Of herons and dinosaurs

Well, Hati and Skoll has moved from the Massachusetts North Shore back to Metrowest. Cloe’ the official mascot of H&S protests and is torn between the novelty of new smells and sights blended with old and kinda well, you know, it is all so scary! Here she is hiding in a mountain of crunchy packing paper.

Figure 1 – The ambiguity of the move. (c) DE Wolf 2021.

The upshot of all of this is that I return, though I have never really left, from daily walks along Salem’s waterfront to daily walks through the Assabet River National Wildlife Refuge. My friend’s dog keeps tasting me with kisses, excitedly wondering about the 18 months of isolation, “Where have you been?”

Along the marsh, spring has indeed sprung. The pulse of spring, a demanding incessant rhythm, is always to be found in the behavior of birds. Among birds there is a curious attraction to the elegant long-legged waders, to the herons and the egrets. They speak to and of wild creatures. They are both throwbacks to the Jurassic days of imagined lumbering dinosaurs and the studied and choreographed beauty of a ballet dancer.

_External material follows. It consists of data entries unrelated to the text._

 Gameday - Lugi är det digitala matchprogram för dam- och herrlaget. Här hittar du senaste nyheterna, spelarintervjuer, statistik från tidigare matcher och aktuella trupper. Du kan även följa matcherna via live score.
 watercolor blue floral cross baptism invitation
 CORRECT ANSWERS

This year I was delighted to find that the great blue heron  of Figure 2 has set up her nest on a plot of the marsh with greater accessibility and closeness to your intrepid photographer. I happily and greedily snapped photographs of her brooding her eggs with my big lens and am really looking forward to soon seeing little fuzzy heads popping out over the rim of the nest. Hopefully, a photo to come.

Figure 2 – Great blue heron brooding her eggs on the marsh. May 2021. (c) DE Wolf 2021.

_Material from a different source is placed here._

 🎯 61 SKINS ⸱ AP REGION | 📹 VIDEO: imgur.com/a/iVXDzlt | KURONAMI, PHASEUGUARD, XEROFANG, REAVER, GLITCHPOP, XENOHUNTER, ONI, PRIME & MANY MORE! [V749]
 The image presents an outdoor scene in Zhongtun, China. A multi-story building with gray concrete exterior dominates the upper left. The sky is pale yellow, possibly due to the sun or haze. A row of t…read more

I am left to wonder at this strange yet beautiful creature, who seems in a moment to have escaped time. She has borne witness to the ages and, perhaps, if we listen closely and receptively enough she has a story and advice for us.

“Are we not witnessing a strange tableau of survival whenever a bird alights on the head of a crocodile, bringing together the evolutionary offspring of Triassic and Jurassic?”
― Annalee Newitz, Scatter, Adapt, and Remember: How Humans Will Survive a Mass Extinction

Figure 2 – Canon T2i with EF 100-400 mm f/4.5-5.6L LS USM lens at 285 mm, ISO 800, AF Aperture Priority 1/640th sec at f/7.1 with +2 exposure compensation.